For those of you who have managed or sponsored a software development project, we salute you! For those of you in the South, bless your hearts. You’ve been in the middle of the trenches and been witness to the ups and downs of project dynamics and lived to tell about it, with or without the t-shirt. You are the warrior!

The only thing to be sure of is uncertainty – wisdom from a goat

Even the best-laid plans are subject to the whims of a bulldozer and circumstance. A perfect example being when a meticulously thought out project experiences a change that blows the plan apart. But what could some of those changes be? I’m so glad you asked.

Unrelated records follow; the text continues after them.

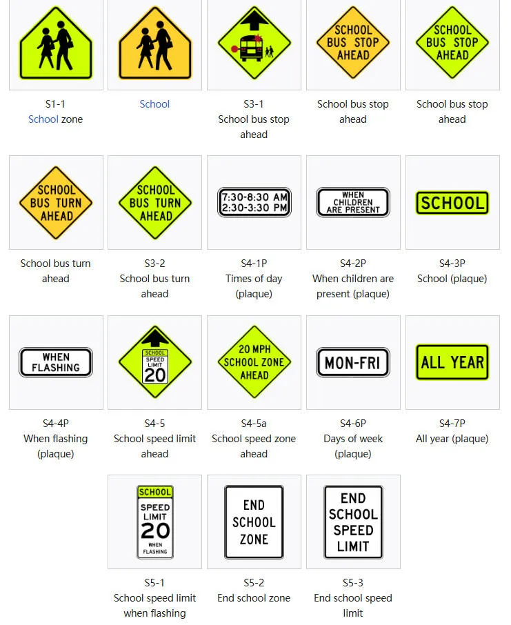 Optional Fluorescent Yellow-Green: Used for pedestrian or school zones
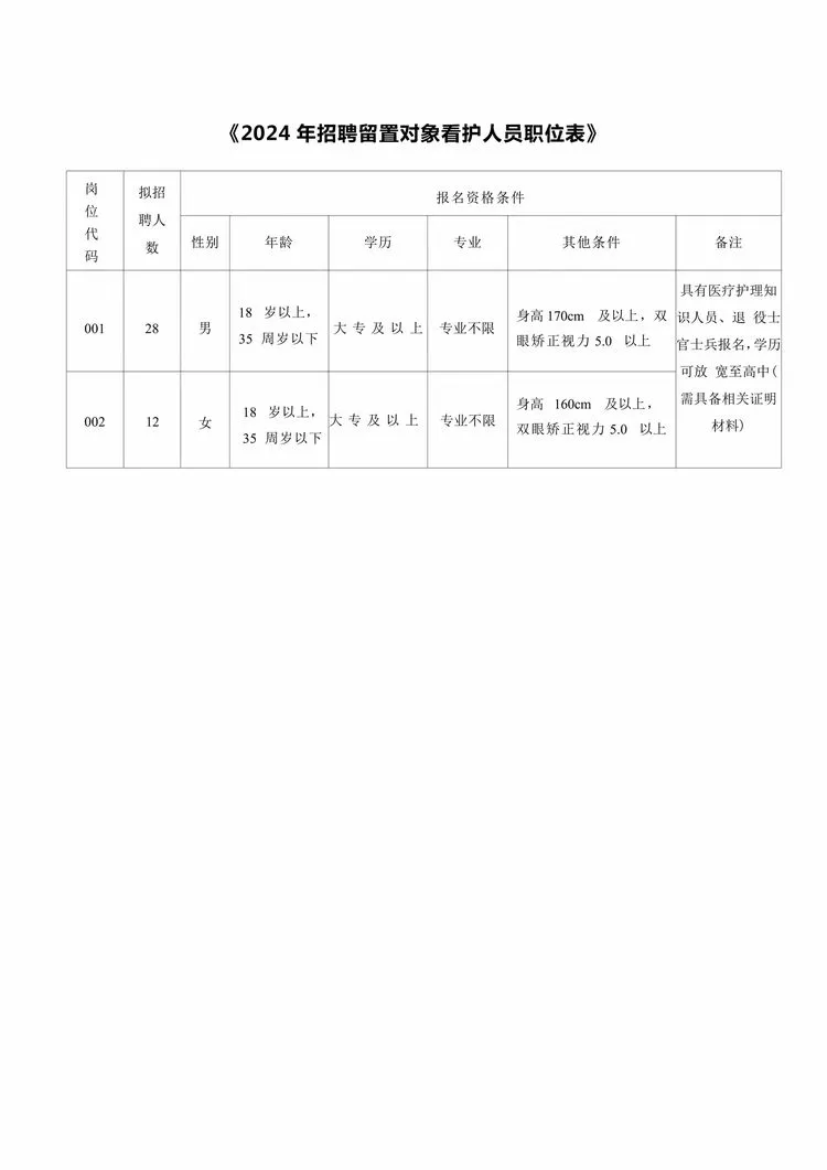 ??? 附件:1.《2024年招聘留置對象看護(hù)人員職位表》
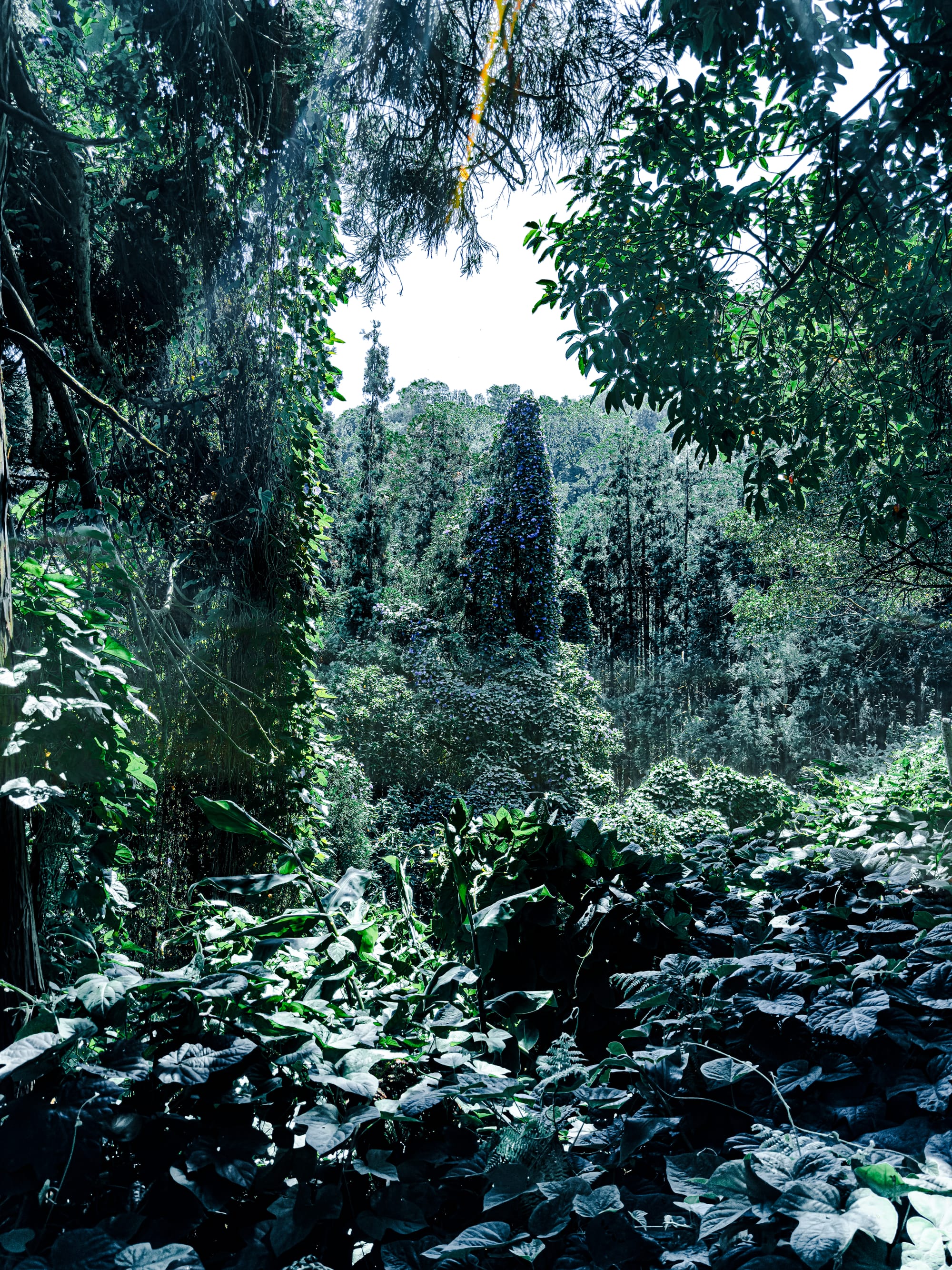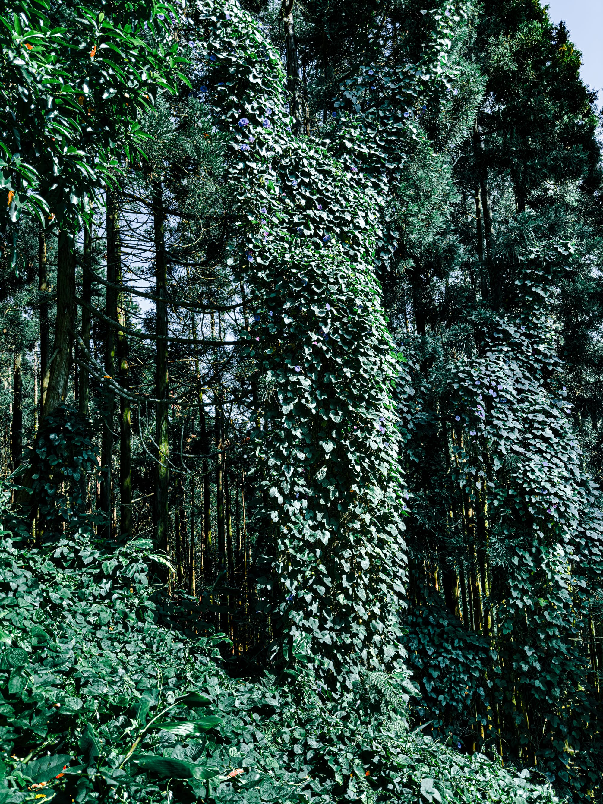 Towering trees wrapped in wild morning glory vines, their purple blooms cascading like soft vertical rivers

Stakeholder changes their mind

If you think that could never happen, you must be new, because yeah, a stakeholder has the right to change their mind at any point of the project. It doesn’t matter if it has to do with a great idea or an enterprise-wide change in strategy, you own it. Nothing puts a wrench in your entire plan more than your stakeholder throwing a new idea or twist into your requirements and forcing you to have to start over again, beginning with those requirements. On a good note, at least your project is still alive, so we smile, say, “I can make those changes,” and call an emergency meeting with the team.

Catch these changes early, and the best-case scenario is a little reshuffle of resources. If the request comes mid-project, the rework is going to make you want to feed your Gantt chart to a goat.

Regulation changes

You thought you had your requirements, and they were bulletproof this time. They were until a new regulation was announced, and your output must be compliant with the latest changes. This change is nothing you can argue or negotiate out of, but your team will make it happen. Back to the smiles, and the drawing board…

New/more/different requirements shake out

I remember a DOE (Department of Energy) project that was 80% done rolling code to different functional teams in each sprint. Each feature was supposed to be the same with some minor details specific to each group, and it was smooth sailing until it got to the nuclear energy team. This pickle falls partly into regulation changes, but there were no changed regulations. Instead, it was a new business analyst that failed to inquire when gathering requirements for this group if there were regulations specific to nuclear operations. With this new discovery, we had to make a hard stop and go back to the drawing board. The hungry goat got a snack on this one too.

All to what consequence?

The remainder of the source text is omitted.